Ionica announced on October 29, 1998 that it had
appointed administrators for its operating subsidiary due to
its inability to obtain further investment necessary to
continue trading and expand its service. Ionica plans to
distribute net assets after closing the operating subsidiary.
The Ionica Board has been advised that this is a complex
process that may take a considerable time to complete. The
remaining book value at December 31, 1998 ((POUND)3 million)
represents management's estimate of net realizable value.
6. DISCONTINUED OPERATIONS - GENERATION BUSINESS
In November 1998, Yorkshire completed the sale of its 75%
interest in RPG to IVO. IVO is a subsidiary of Imatran Voima
Oy, part of Finland's energy group Forum. RPG owns Brigg
Power Station, a 272-megawatt combined cycle, gas fired plant
located in North Lincolnshire, England. The net book value
of the assets sold was (POUND)14 million. The cash consideration
received from IVO, including payment for the intercompany
balance and net of cash retained by RPG, was (POUND)42 million. In
addition, certain contracts between Yorkshire and RPG were
renegotiated enabling Yorkshire Group to reduce its balance
sheet provision for uneconomic gas and electricity contracts.
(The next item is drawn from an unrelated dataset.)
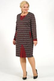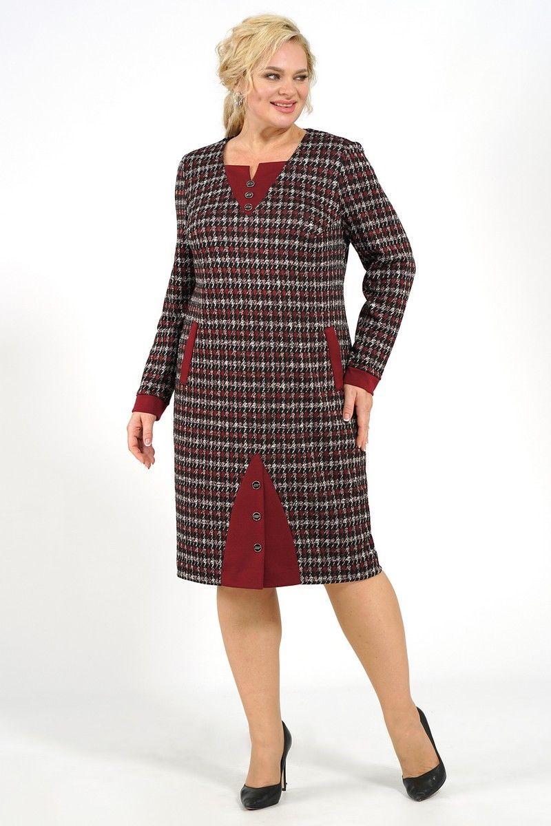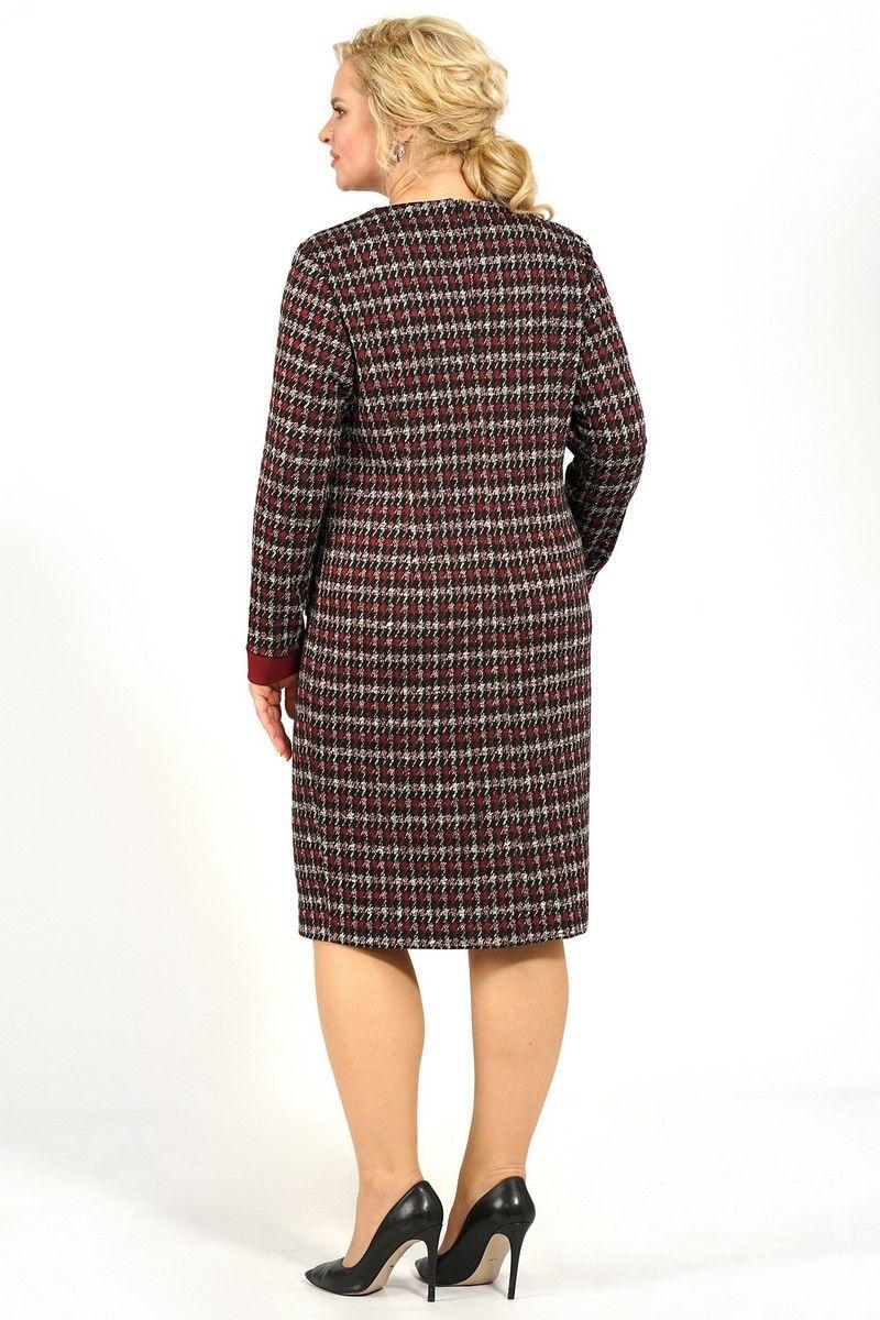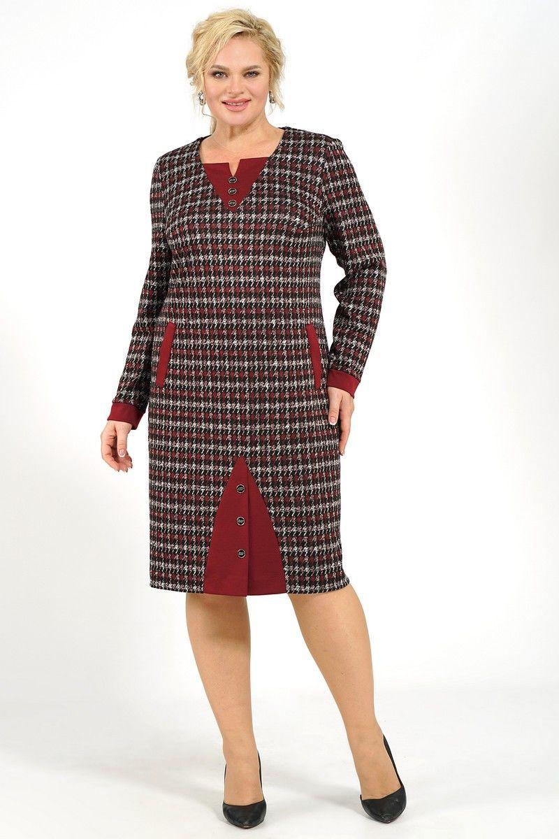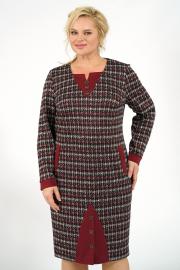 Платье женское полуприлегающего силуэта, с застёжкой на потайную тесьму-молнию по спинке. Перед с нагрудными выточками, с имитацией карманов с листочкой с настрочными концами, понизу конструктивный V- образным подрез с отделочной деталью со шлицей декорированная тремя пришивными пуговицами. Рукава втачные, одношовные, длинные, понизу с притачными манжетами. Горловина с вырезом V- образной формы и отделочной деталью по центру с разрезом и тремя пришивными пуговицами. Отделочная деталь горловины и низа переда, листочка кармана, манжета рукава выполнены из однотонного трикотажа

The sale resulted in an increase in Net Income in the three
month and nine month periods ended December 31, 1998 of (POUND)18
million.
YORKSHIRE POWER GROUP LIMITED AND SUBSIDIARIES
NOTES TO CONSOLIDATED FINANCIAL STATEMENTS
DECEMBER 31, 1998
(UNAUDITED)
On December 31, 1998 Yorkshire entered into an
unconditional agreement to sell its subsidiary, YCL, to
PowerGen CHP Limited, a subsidiary of PowerGen plc. YCL owns
three combined heat and power plants and seven peaking
facilities with a total declared capacity of 70 MW which are
operational, a 50 MW combined cycle gas plant currently under
test operation, a 56 MW combined heat and power plant under
construction and a 56 MW combined heat and power plant under
development. Yorkshire will purchase portions of the output
of these facilities for up to 20 years. The net book value
of the assets sold was (POUND)3 million. The consideration for the
sale, including the payment for the intercompany balance of
(POUND)67 million, was a (POUND)95 million note receivable due January 5,
1999. The total gain on the sale is (POUND)15 million, of which (POUND)8
million after tax was included in Net Income in the period
ended December 31, 1998. The remaining (POUND)7 million is deferred
and will be amortized over the life of contracts existing
between Yorkshire and YCL.
The remaining generating assets of Yorkshire, windpower
plants held within a 50:50 joint venture company, Yorkshire
Windpower Limited, were sold in February 1999 for a loss of
(POUND)1 million. At December 31, 1998 these assets were
considered impaired and the loss was reflected in that
period.
These transactions complete the disposal of Yorkshire's
generation business.
MANAGEMENT'S DISCUSSION AND ANALYSIS OF RESULTS OF OPERATIONS
AND FINANCIAL CONDITION
Third Quarter Fiscal Year 1999 vs. Third Quarter Fiscal Year
1998
And
Year to Date Fiscal Year 1999 vs. Year to Date Fiscal Year
1998
Results of Operations
Net income from continuing operations before
extraordinary item and discontinued operations for the year
to date period increased by (POUND)10 million (26%) from (POUND)39
million to (POUND)49 million due primarily to the following: the
settlement of earlier years tax liabilities resulting in a
(POUND)12 million reduction in estimated tax liabilities and
increases in electricity and gas supply margins. These items
were partly offset by increased interest expense, an increase
in selling, general and administrative costs and a write down
in the investment in Ionica.
Income statement line items which changed significantly
were:
Increase ( Decrease)
Third Quarter Year to Date
(POUND) % (POUND) %
(in millions) (in millions)
Operating Revenues 30 9 96 11
Gross Margin 40 46 68 25
Maintenance 8 133 5 13
Selling, General and
Administrative 23 164 30 48
Loss on Investment in Ionica - - 11 N/A
Interest Expense 4 14 14 16
(Credit) Provision for
Income Taxes - - (8) (200)
Extraordinary item -
UK Windfall Tax - - (134) (100)
The increase in operating revenues is largely due to the
signing of new electricity contracts with Non-Franchise
Supply Customers in April 1998 and the commencement of
residential gas sales in Fiscal Year 1999.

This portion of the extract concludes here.